Preparation and characterization of cross linked enzyme aggregates (CLEAs) of Bacillus amyloliquefaciens alpha amylase

Stabilization of enzymes is one of the major challenges in biocatalytic processes. Alpha amylase from Bacillus amyloliquefaciens was immobilized as cross-linked enzyme aggregates (CLEAs). Alpha amylase was aggregated using ammonium sulfate. The resultant aggregates on cross-linking with glutaraldehyde produced insoluble catalytically active cross-linked enzyme aggregates. The effects of precipitation and cross-linking were studied and immobilized alpha amylase was characterized.
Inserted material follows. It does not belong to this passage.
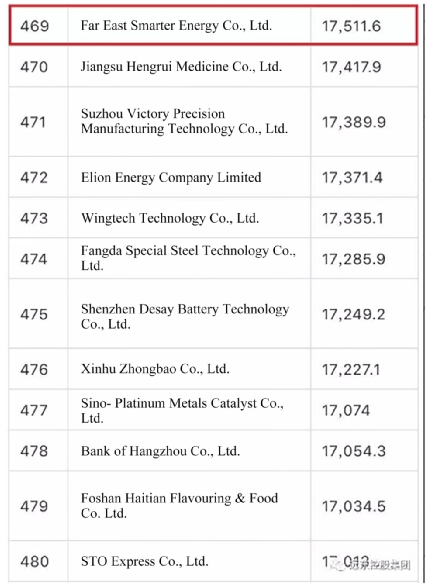 On July 10, the Fortune released the latest "Fortune China 500" list on July 10. Far East Smarter Energy Co., Ltd. (hereinafter referred to as “Smarter Energy”, stock code: 600869), a subsidiary of Far East Holding Group Co., Ltd., ranked 469th with an operating income of RMB 17.5 billion.

Seventy percent ammonium sulfate saturation, 2% (v/v) glutaraldehyde, were used; 6 h cross-linking reaction at room temperature was performed and 100% activity recovery was achieved in CLEAs with enhanced thermal and acidic condition stabilities. The cross-linked enzyme aggregates exhibited pH optima of 6.0 and higher temperature optima of 60°C. Although after immobilization maximum velocity of enzyme reaction did not change, substrate affinity of the enzyme increased. Alpha amylase CLEAs retained 65% activity after 4 reuses with 30 min of each reaction time. The Scanning electron microscopy analysis showed that morphology of CLEAs substantially changed after 4 reuses.